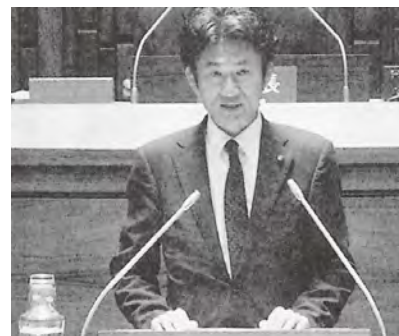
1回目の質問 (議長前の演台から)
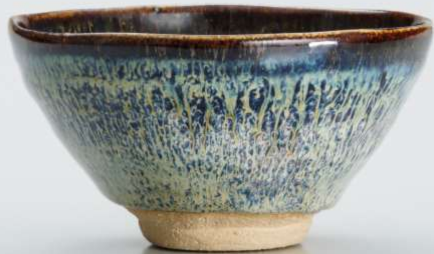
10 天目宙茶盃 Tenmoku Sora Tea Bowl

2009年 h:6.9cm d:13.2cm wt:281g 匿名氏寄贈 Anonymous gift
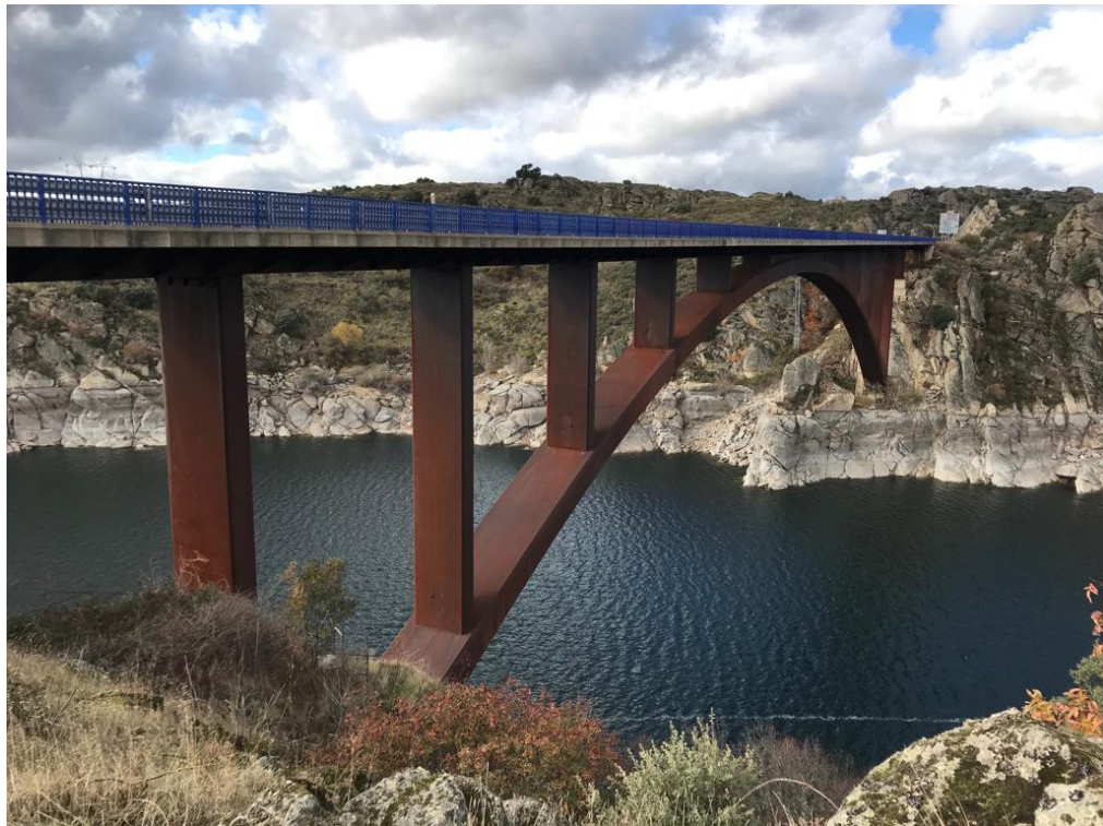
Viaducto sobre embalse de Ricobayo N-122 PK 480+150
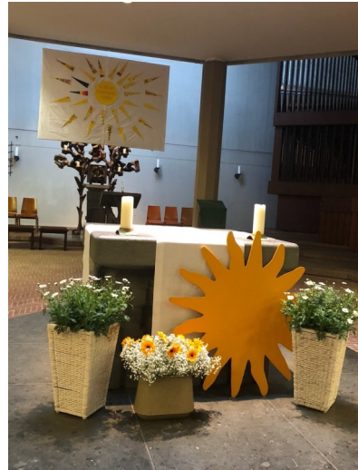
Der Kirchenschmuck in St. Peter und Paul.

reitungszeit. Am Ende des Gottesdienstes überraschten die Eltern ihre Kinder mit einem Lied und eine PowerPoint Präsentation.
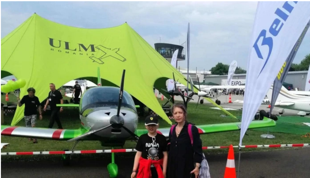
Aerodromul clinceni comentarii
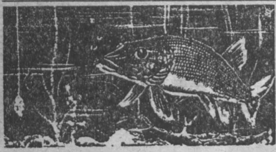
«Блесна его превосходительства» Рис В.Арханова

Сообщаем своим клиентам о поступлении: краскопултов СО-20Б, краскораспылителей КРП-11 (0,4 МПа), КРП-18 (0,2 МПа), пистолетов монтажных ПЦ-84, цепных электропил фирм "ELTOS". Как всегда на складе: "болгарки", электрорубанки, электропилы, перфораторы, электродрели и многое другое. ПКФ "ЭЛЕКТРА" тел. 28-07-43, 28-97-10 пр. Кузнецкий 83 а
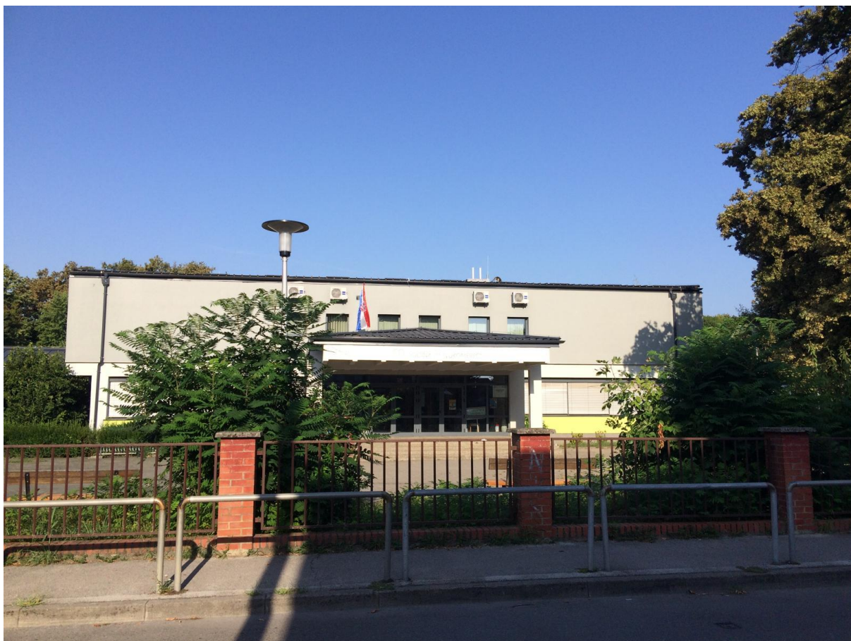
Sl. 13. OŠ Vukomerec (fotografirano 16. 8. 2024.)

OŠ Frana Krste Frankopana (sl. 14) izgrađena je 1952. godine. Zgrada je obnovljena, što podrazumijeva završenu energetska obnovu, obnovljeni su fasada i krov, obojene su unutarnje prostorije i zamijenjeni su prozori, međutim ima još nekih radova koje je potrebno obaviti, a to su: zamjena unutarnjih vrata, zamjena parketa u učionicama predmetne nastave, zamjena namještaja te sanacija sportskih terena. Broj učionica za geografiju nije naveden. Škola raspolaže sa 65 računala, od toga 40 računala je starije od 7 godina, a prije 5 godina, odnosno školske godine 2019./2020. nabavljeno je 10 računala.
────────────────────
§ **PROBLEM TO WORK ON**:
Output the data above in full. Skip every picture.

§ **RESPONSE AREA**:
1回目の質問 (議長前の演台から)
10 天目宙茶盃 Tenmoku Sora Tea Bowl

2009年 h:6.9cm d:13.2cm wt:281g 匿名氏寄贈 Anonymous gift
Viaducto sobre embalse de Ricobayo N-122 PK 480+150
Der Kirchenschmuck in St. Peter und Paul.

reitungszeit. Am Ende des Gottesdienstes überraschten die Eltern ihre Kinder mit einem Lied und eine PowerPoint Präsentation.
Aerodromul clinceni comentarii
«Блесна его превосходительства» Рис В.Арханова

Сообщаем своим клиентам о поступлении: краскопултов СО-20Б, краскораспылителей КРП-11 (0,4 МПа), КРП-18 (0,2 МПа), пистолетов монтажных ПЦ-84, цепных электропил фирм "ELTOS". Как всегда на складе: "болгарки", электрорубанки, электропилы, перфораторы, электродрели и многое другое. ПКФ "ЭЛЕКТРА" тел. 28-07-43, 28-97-10 пр. Кузнецкий 83 а
Sl. 13. OŠ Vukomerec (fotografirano 16. 8. 2024.)

OŠ Frana Krste Frankopana (sl. 14) izgrađena je 1952. godine. Zgrada je obnovljena, što podrazumijeva završenu energetska obnovu, obnovljeni su fasada i krov, obojene su unutarnje prostorije i zamijenjeni su prozori, međutim ima još nekih radova koje je potrebno obaviti, a to su: zamjena unutarnjih vrata, zamjena parketa u učionicama predmetne nastave, zamjena namještaja te sanacija sportskih terena. Broj učionica za geografiju nije naveden. Škola raspolaže sa 65 računala, od toga 40 računala je starije od 7 godina, a prije 5 godina, odnosno školske godine 2019./2020. nabavljeno je 10 računala.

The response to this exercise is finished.